Brief: From the data that follows, set down exactly the lines from the one with "Introducing our exquisite" through the one with "- 点击配置添加项目名 (如微信卡片) 和环境名 (如 local、dev)", counting both. Pictures stay out.
Data to use below:
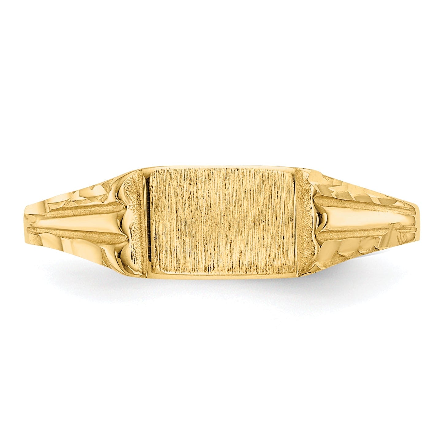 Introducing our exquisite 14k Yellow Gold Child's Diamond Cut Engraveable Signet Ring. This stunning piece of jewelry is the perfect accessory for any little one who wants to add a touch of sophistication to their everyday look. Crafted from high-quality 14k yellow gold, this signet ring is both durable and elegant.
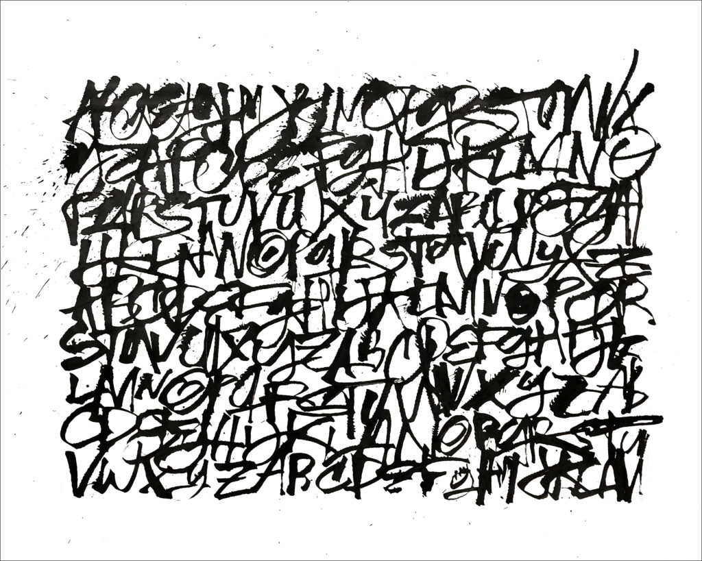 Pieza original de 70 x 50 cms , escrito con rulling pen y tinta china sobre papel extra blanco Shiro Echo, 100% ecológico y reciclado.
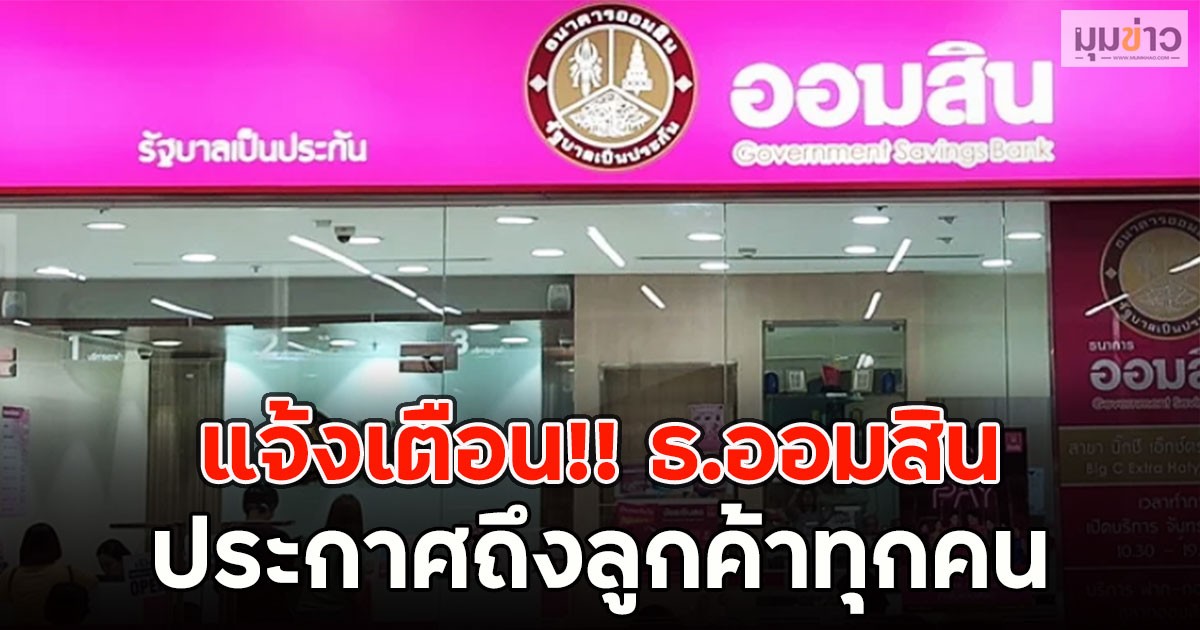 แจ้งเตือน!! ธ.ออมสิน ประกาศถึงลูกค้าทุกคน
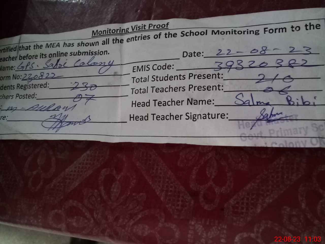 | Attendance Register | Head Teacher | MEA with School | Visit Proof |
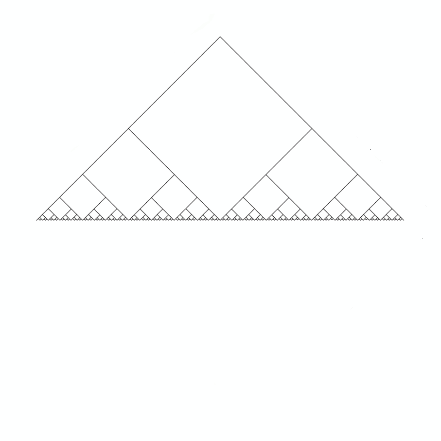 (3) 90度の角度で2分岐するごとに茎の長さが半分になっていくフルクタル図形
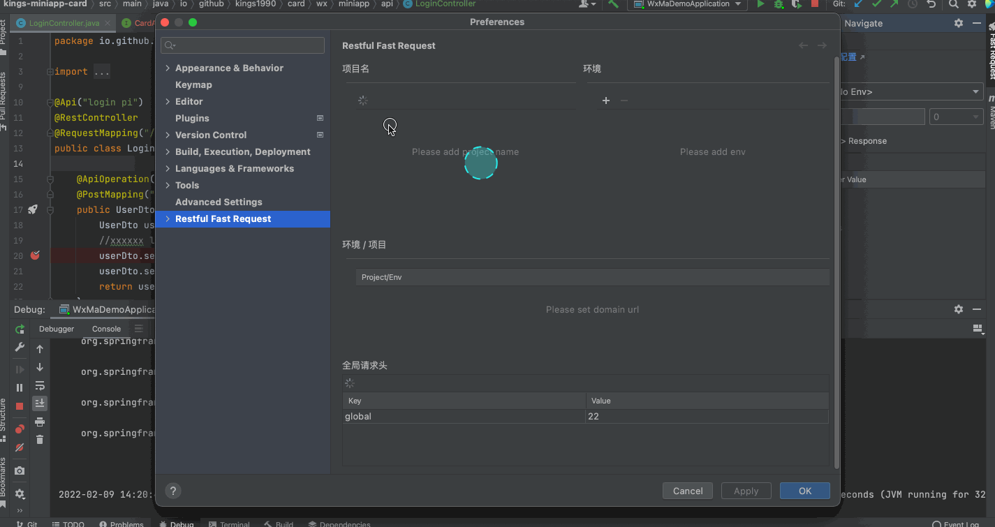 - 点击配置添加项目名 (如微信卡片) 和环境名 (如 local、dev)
End of Data to use.
Data to use below:
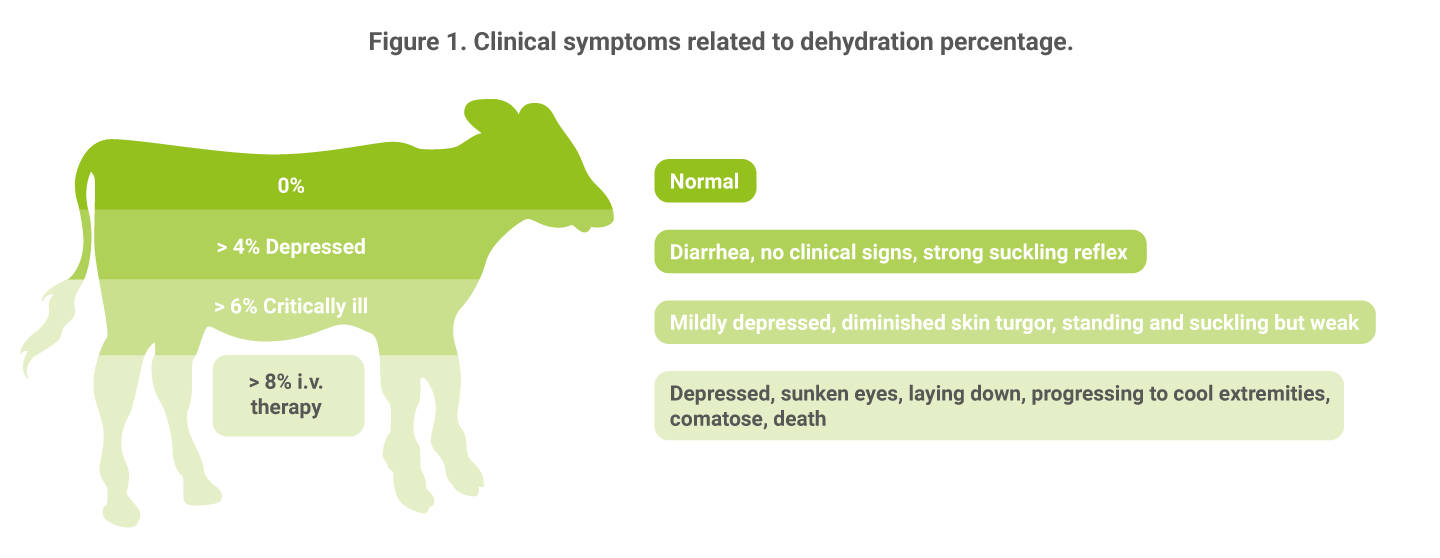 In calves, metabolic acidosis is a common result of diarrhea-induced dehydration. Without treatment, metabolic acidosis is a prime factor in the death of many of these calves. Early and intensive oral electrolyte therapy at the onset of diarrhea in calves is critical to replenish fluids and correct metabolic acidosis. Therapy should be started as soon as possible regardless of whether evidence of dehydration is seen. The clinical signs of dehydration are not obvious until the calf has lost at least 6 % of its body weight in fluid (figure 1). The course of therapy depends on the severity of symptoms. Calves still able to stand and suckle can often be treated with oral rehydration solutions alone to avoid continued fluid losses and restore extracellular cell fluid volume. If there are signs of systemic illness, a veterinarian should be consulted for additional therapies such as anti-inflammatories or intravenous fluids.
End of Data to use.
Data to use below:
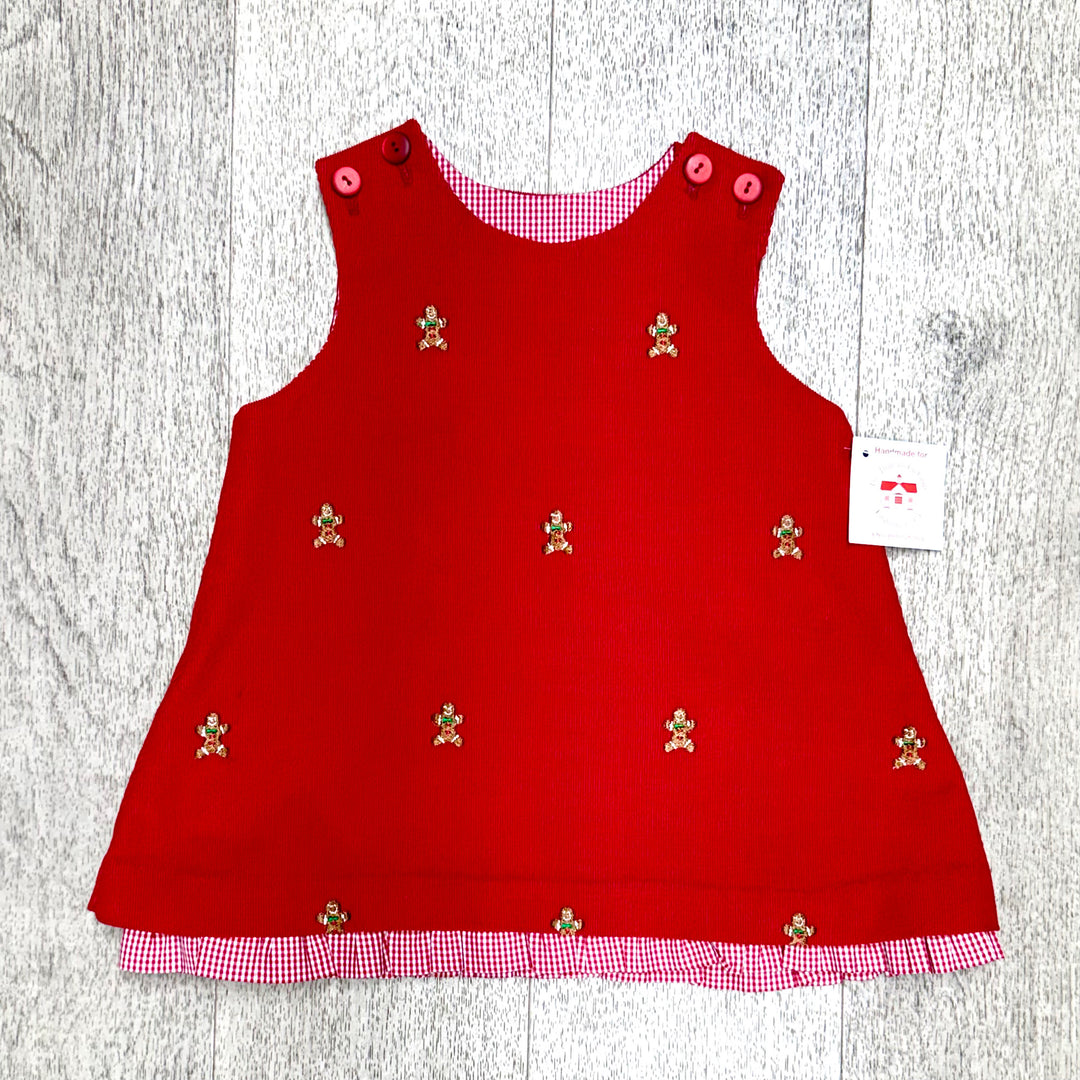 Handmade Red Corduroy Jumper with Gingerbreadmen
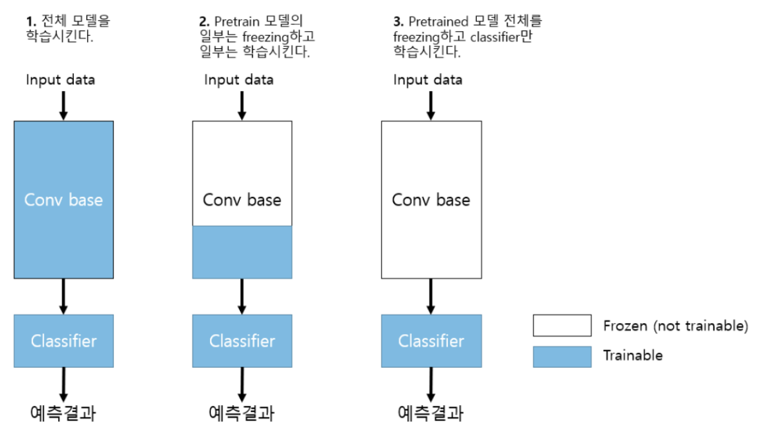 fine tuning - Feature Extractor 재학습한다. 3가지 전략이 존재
End of Data to use.
Answer to this problem:
 Introducing our exquisite 14k Yellow Gold Child's Diamond Cut Engraveable Signet Ring. This stunning piece of jewelry is the perfect accessory for any little one who wants to add a touch of sophistication to their everyday look. Crafted from high-quality 14k yellow gold, this signet ring is both durable and elegant.
 Pieza original de 70 x 50 cms , escrito con rulling pen y tinta china sobre papel extra blanco Shiro Echo, 100% ecológico y reciclado.
 แจ้งเตือน!! ธ.ออมสิน ประกาศถึงลูกค้าทุกคน
 | Attendance Register | Head Teacher | MEA with School | Visit Proof |
 (3) 90度の角度で2分岐するごとに茎の長さが半分になっていくフルクタル図形
 - 点击配置添加项目名 (如微信卡片) 和环境名 (如 local、dev)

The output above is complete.